With national elections looming in May and the economy in the doldrums, the ANC leadership is under pressure to speed up wealth distribution. For the first time since ascending to power in 1994, the party is at risk of losing its national majority, with a recent poll by the South African Institute of Race Relations indicating its support has dropped to a record low. On Nov. 15 a parliamentary committee resolved that South Africa’s constitution must be amended to allow the government to expropriate land without paying for it, an idea that President Cyril Ramaphosa endorsed last year.

The nation’s banks may have the most to lose from any changes. “If residential land comes under question, and if property rights more generally come under question, that could have an extremely large systemic effect on the banking sector,” says Kuben Naidoo, a deputy governor of the South African Reserve Bank. Lenders have 1.6 trillion rand ($114 billion) of mortgages outstanding, as well as 150 billion rand of loans to farmers.

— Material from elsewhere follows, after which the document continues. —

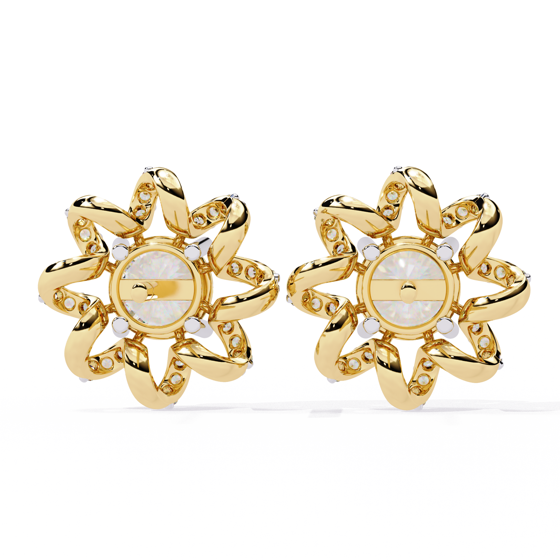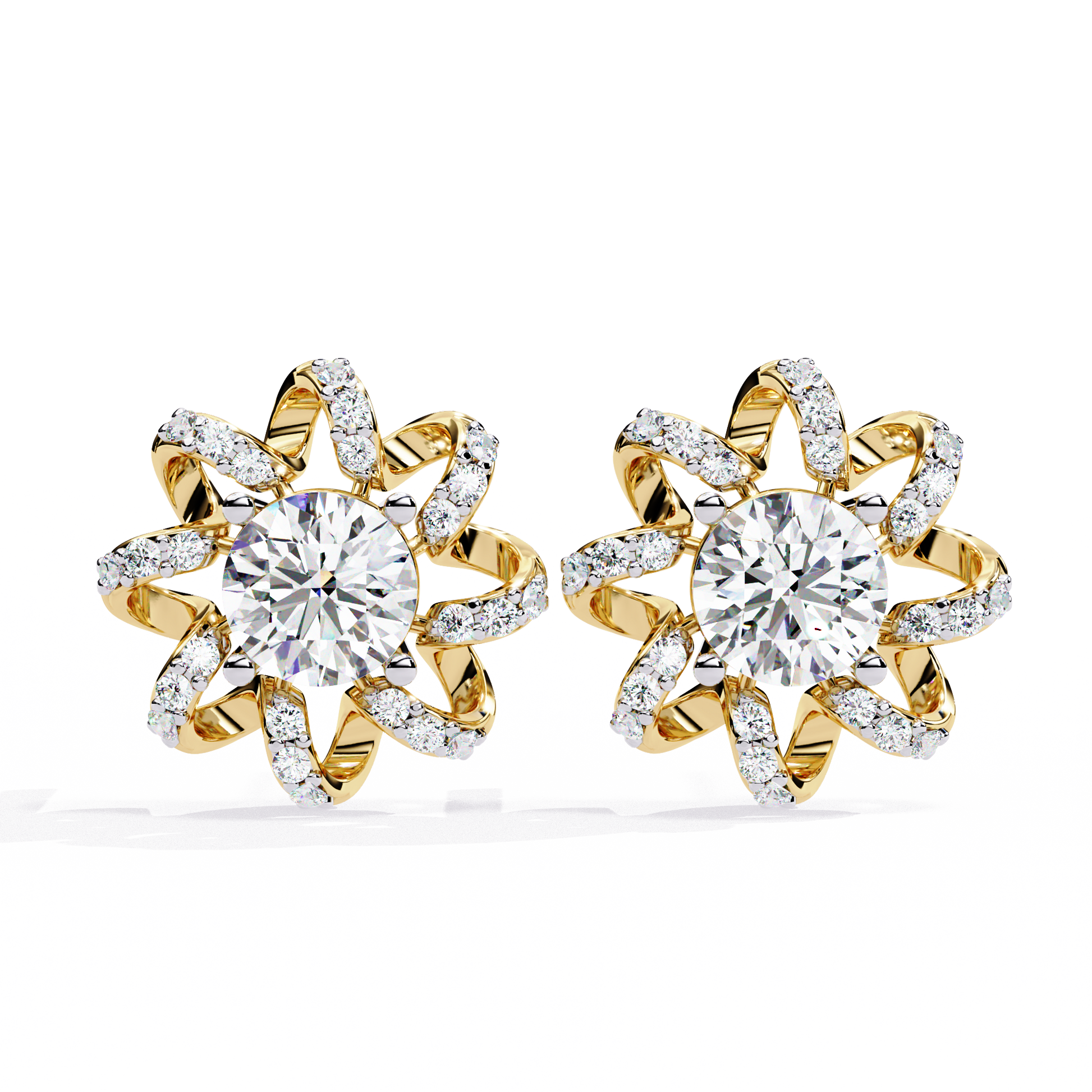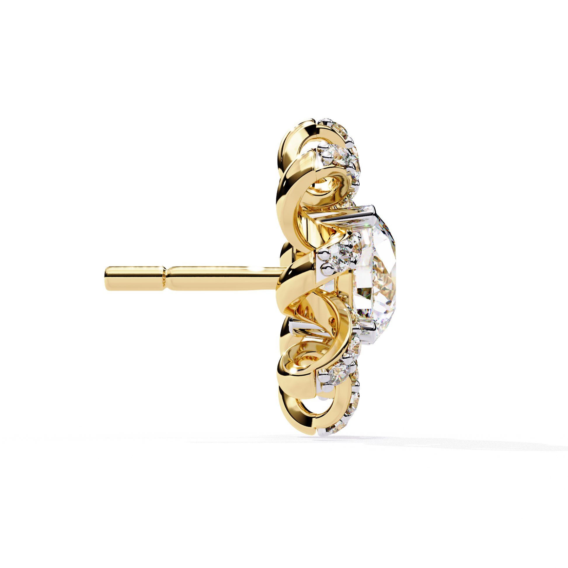 Elevate your style with these designer-inspired diamond studs. Each earring features a brilliant 0.5ct center stone set in gold, creating a timeless and sophisticated look.

Other important sectors could also be affected. “Tourism is booming now. You don’t want to mess that up,” says David Notten, who charges 5,995 rand a night to put up visitors at his family-owned game lodge near Kruger National Park. Safaris are an important source of revenue for South Africa’s travel industry, which supports 1.5 million jobs and generates about 9 percent of gross domestic product, according to government data. “This is a necessary conversation but a delicate one, too,” he says. “How will the government handle many tricky questions, including the fact that my grandfather bought this farm a long time ago and I have a title deed to prove that the sale predates the period of the injustice of the land that was taken from black people.”

Two-thirds of lawmakers would have to assent to change the constitution to allow expropriation without payment. The ANC holds 62 percent of the seats. The Economic Freedom Fighters, South Africa’s third-biggest political party, which supports land seizures, has 6.4 percent. The vote isn’t likely to take place before May, as it will have to be preceded by a laborious public hearings process, says Pierre de Vos, a law professor at the University of Cape Town. Even after that, it could take months, if not years, for the matter to be settled, because new laws would have to be put in place, says Ronald Lamola, the ANC’s spokesman on land reform.

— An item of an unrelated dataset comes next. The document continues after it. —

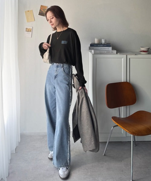 ゆったりとした大きめシルエットで、一枚でも、重ね着でも使える万能なTシャツです。

The government knows it must tread carefully to avoid replicating the experience of Zimbabwe, where land seizures triggered an exodus of white farmers at the turn of the century, with disastrous consequences. Once an exporter of maize, cotton, beef, and tobacco, the country now suffers frequent food shortages. Eddie Cross, a Zimbabwean economist and legislator, has estimated the total cost of Zimbabwe’s so-called fast-track land reform at $20 billion.

For South Africa, a slow-track approach could also exact an economic cost in forgone investment. François Miller took out loans to build irrigation systems and other infrastructure at his farm along the Orange River, in Free State province, where he tends to 250 heads of wagyu, a type of cattle whose meat can fetch as much as 1,500 rand per kilogram in Asia. “There is a lot of money in wagyu farming,” he says. “We don’t want that affected by uncertainty and decisions that are not well-thought-out.”

Legislation that facilitates expropriations could also violate conditions of the African Growth and Opportunity Act, which grants 1,800 products from sub-Saharan Africa duty-free entry into the U.S. The list of eligible countries is reviewed annually.

Despite the risks involved, South Africa could reap rewards long-term if it can find a thoughtful way to tackle the land distribution issue, says Michael Jordaan, a venture capitalist and chairman of Bank Zero, an app-based lender. “The uncertainty about the exact nature of expropriation without compensation is not ideal,” says Jordaan, who previously headed one of the biggest retail banks in the country. “At the same time, property redistribution can solve inequality and improve societal stability.”